Regulators at the SEC are sounding an alarm following suspicious trading activity that went down days before Sanofi’s $11.6 billion buyout of hemophilia drugmaker Bioverativ.
The agency has filed a lawsuit in the federal district court in Manhattan against one — or possibly many — unknown traders, alleging insider knowledge led to massive profits on the acquisition deal. The lawsuit seeks an order that would force Credit Suisse, the global bank that processed the trades through an account in Zurich, to disclose the names of the trader(s).
In the purchase that raised red flags for regulators, traders paid about $170,000 for options that earned them about $4.9 million after the acquisition announcement.
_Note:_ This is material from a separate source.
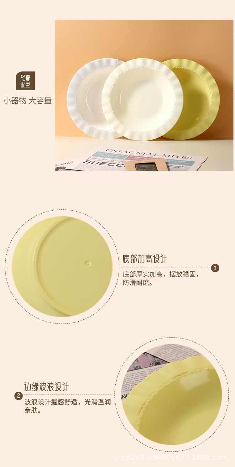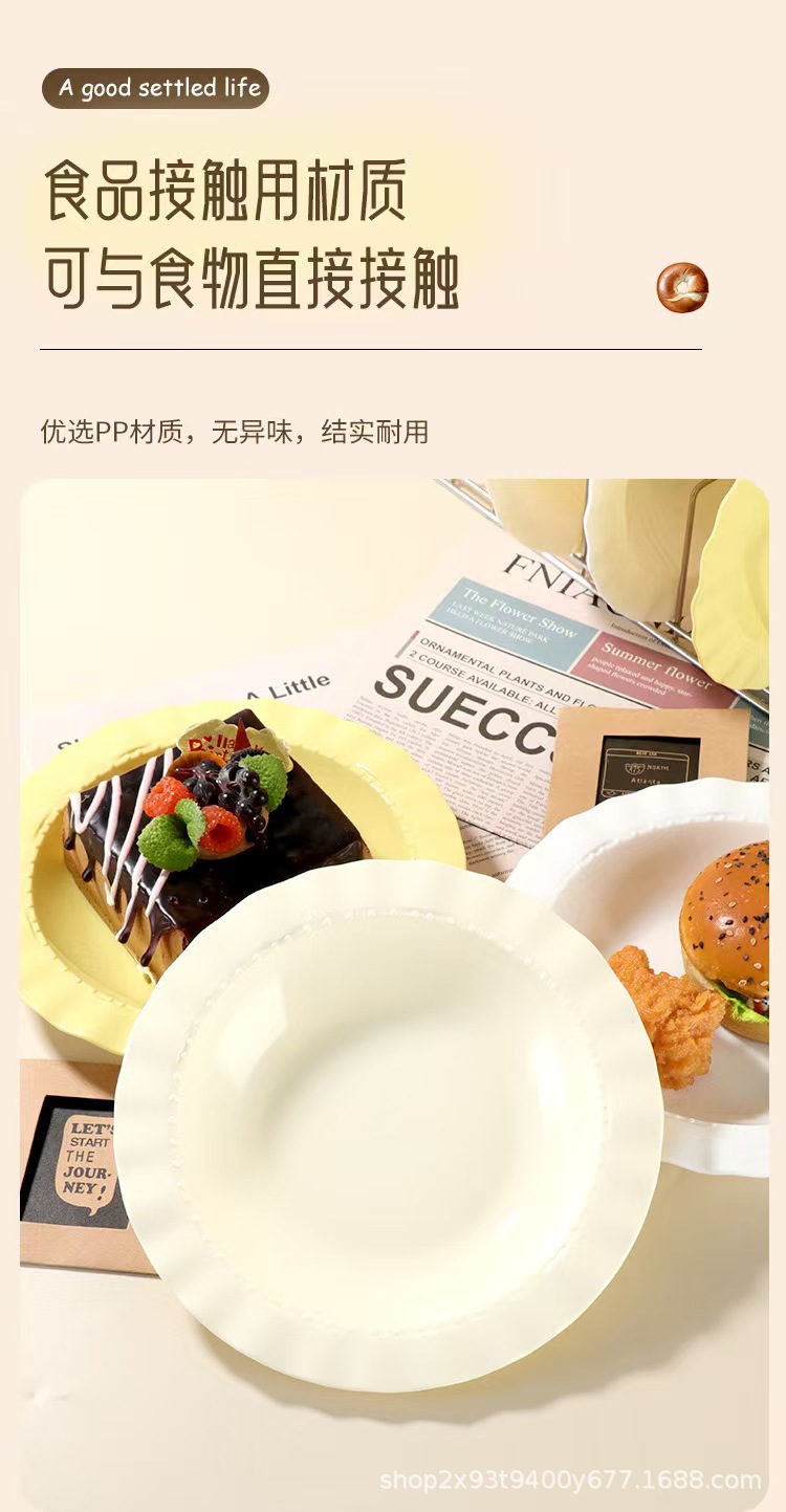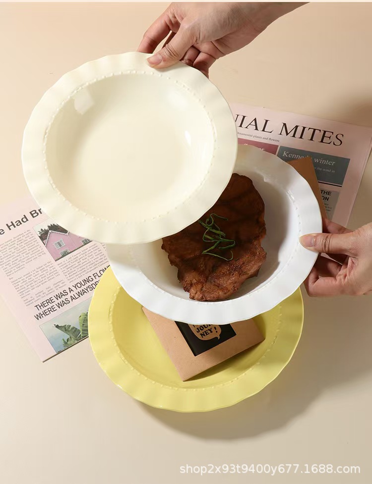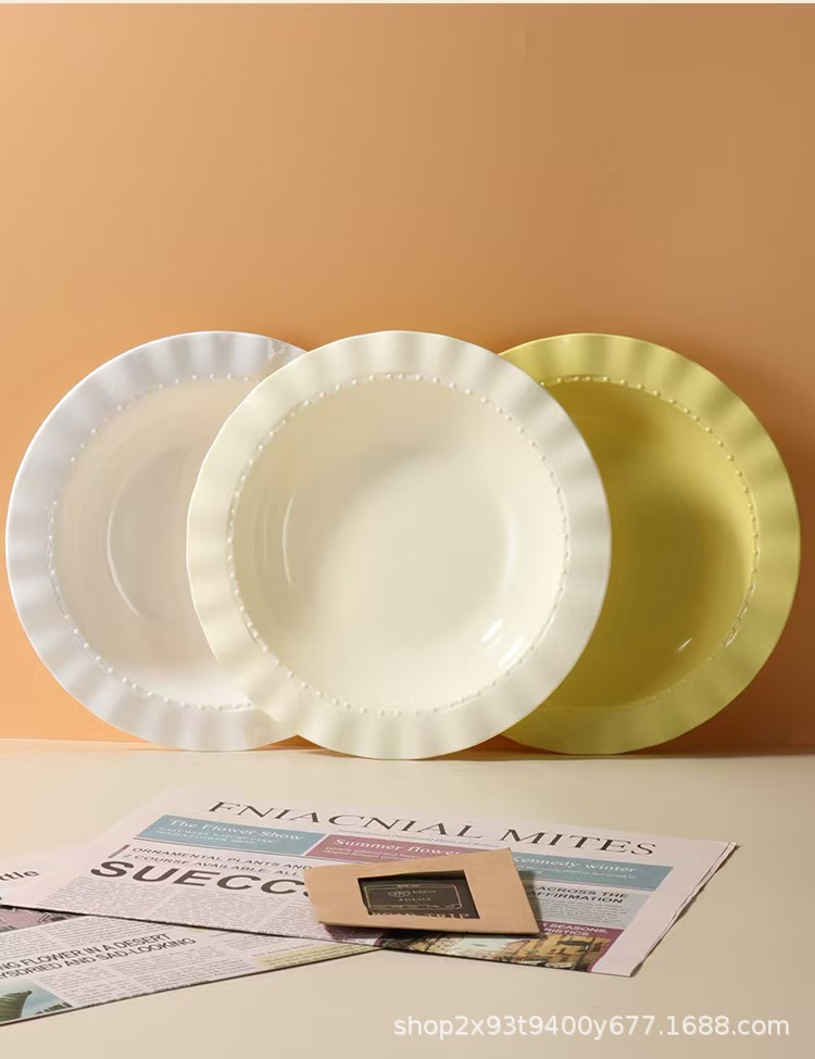 크림 고급 레이스 플라스틱 디너 플레이트 가정용 서양 음식 깊은 접시 접시 샐러드 식기 플라스틱 밀짚 모자 접시

That would be a 2,900% return in less than two weeks.
When Sanofi $SNY agreed to purchase Bioverativ $BIVV in the biggest biotech M&A deal so far in 2018, the smaller company’s stock price soared over 60% and its market cap climbed from $6.8 billion to over $11 billion.
Apparently, traders wanted to take advantage of those gains. The transactions in question were weird on a few levels. First, the traders bought call options that had a strike price between $65 and $70 per share. That’s an unusual move for a trader, because shares of Bioverativ had never closed above $64.12. Why buy call options at a premium?
The other strange thing about this move was the call options had an expiration date of February 16, which means the buyers expected the share price to go up in a very short time. Last weird thing? The traders had never owned Bioverativ stock before.
Other than forcing Credit Suisse to cough up the defendants’ names, the SEC is seeking an order that would freeze the traders’ assets. They’re also asking that the traders hand over profits and pay fines.